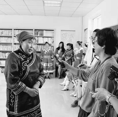 赫哲族大妈接受两岸记者的采访。
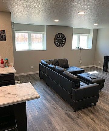 This home has upgrades inside and out that will make any homeowner proud. The main floor welcomes you with vaulted ceilings and an open-concept floor plan. The kitchen features Maple, espresso-colored, soft close cabinets, kitchen island, pantry, and stainless appliances. There are two spacious bedrooms including the master suite. The master bath has a barnwood-style door, dual sinks, and a custom-tile shower. Head out the sliding glass door off the kitchen onto a private deck overlooking a beautifully landscaped back yard with underground sprinklers, firepit, and patio space perfect for enjoying North Dakota evenings. The exterior of the home features JAMES HARDY cement siding and high grade shingles. The finished, oversized double garage is heated and has lots of room for cabinets. There is also an additional RV pad on the side of the garage. Call for a private showing today!
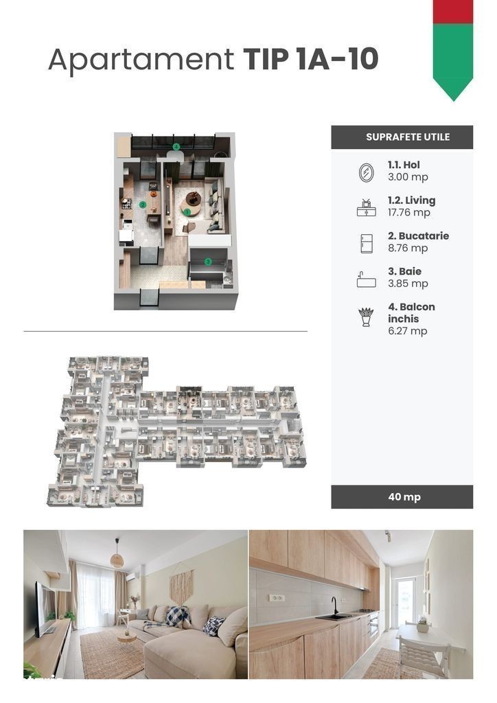 GARSONIERA TIP 1A-10 / 1A-15 Suprafata utila totala: 40,00 mp
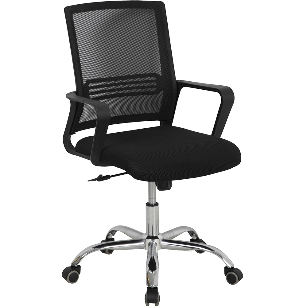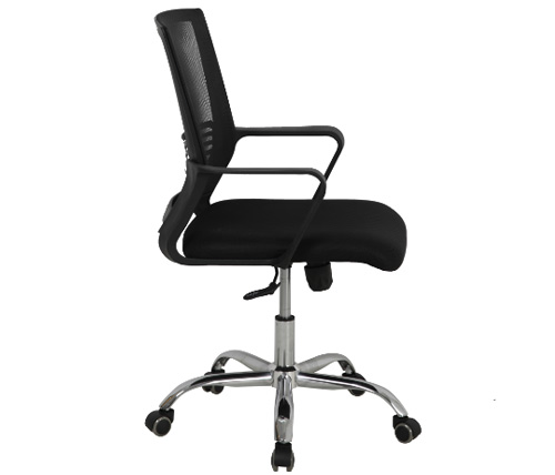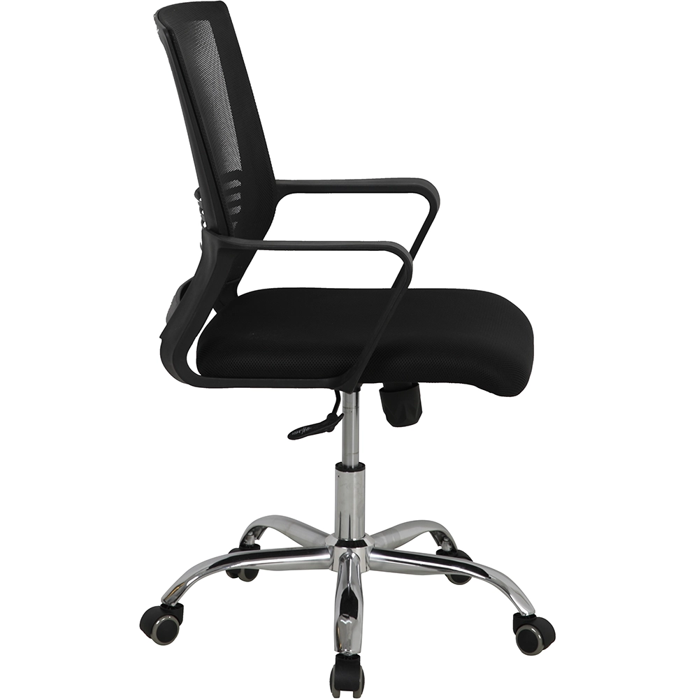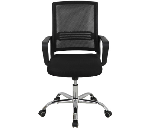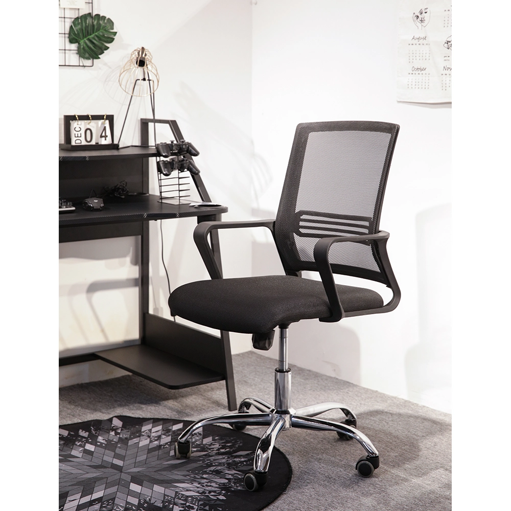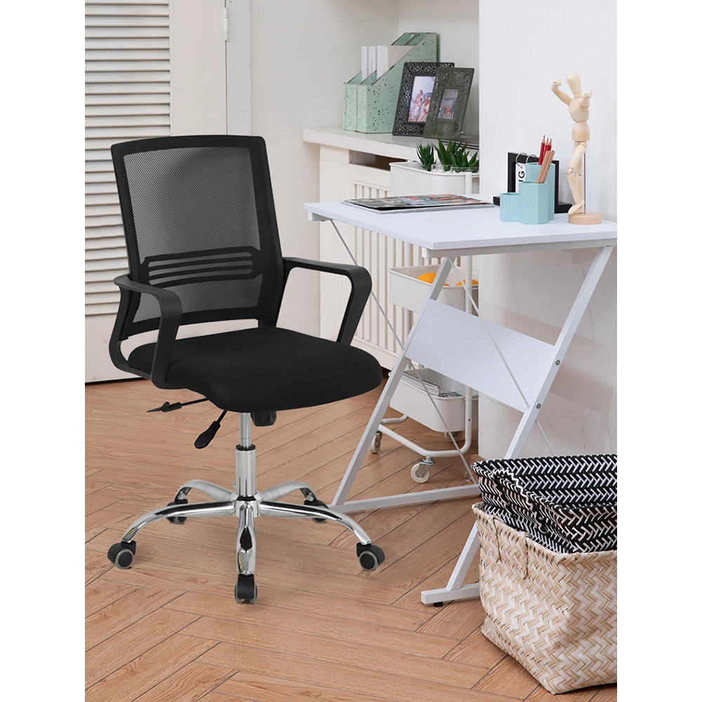 כיסא משרדי ארגונומי עם גב רשת נושם, בעיצוב מודרני וקומפקטי, מושלם למשרד, לעבודה מהבית או לסטודנטים, כולל משענת גב תומכת, כיוונון גובה, בסיס מצופה כרום וגלגלים נוחים לשעות ארוכות של שימוש יומיומי
======
- Assigned task
Apart from the images, every line above is to be given again exactly.

- Result for this task
 赫哲族大妈接受两岸记者的采访。
 This home has upgrades inside and out that will make any homeowner proud. The main floor welcomes you with vaulted ceilings and an open-concept floor plan. The kitchen features Maple, espresso-colored, soft close cabinets, kitchen island, pantry, and stainless appliances. There are two spacious bedrooms including the master suite. The master bath has a barnwood-style door, dual sinks, and a custom-tile shower. Head out the sliding glass door off the kitchen onto a private deck overlooking a beautifully landscaped back yard with underground sprinklers, firepit, and patio space perfect for enjoying North Dakota evenings. The exterior of the home features JAMES HARDY cement siding and high grade shingles. The finished, oversized double garage is heated and has lots of room for cabinets. There is also an additional RV pad on the side of the garage. Call for a private showing today!
 GARSONIERA TIP 1A-10 / 1A-15 Suprafata utila totala: 40,00 mp
 כיסא משרדי ארגונומי עם גב רשת נושם, בעיצוב מודרני וקומפקטי, מושלם למשרד, לעבודה מהבית או לסטודנטים, כולל משענת גב תומכת, כיוונון גובה, בסיס מצופה כרום וגלגלים נוחים לשעות ארוכות של שימוש יומיומי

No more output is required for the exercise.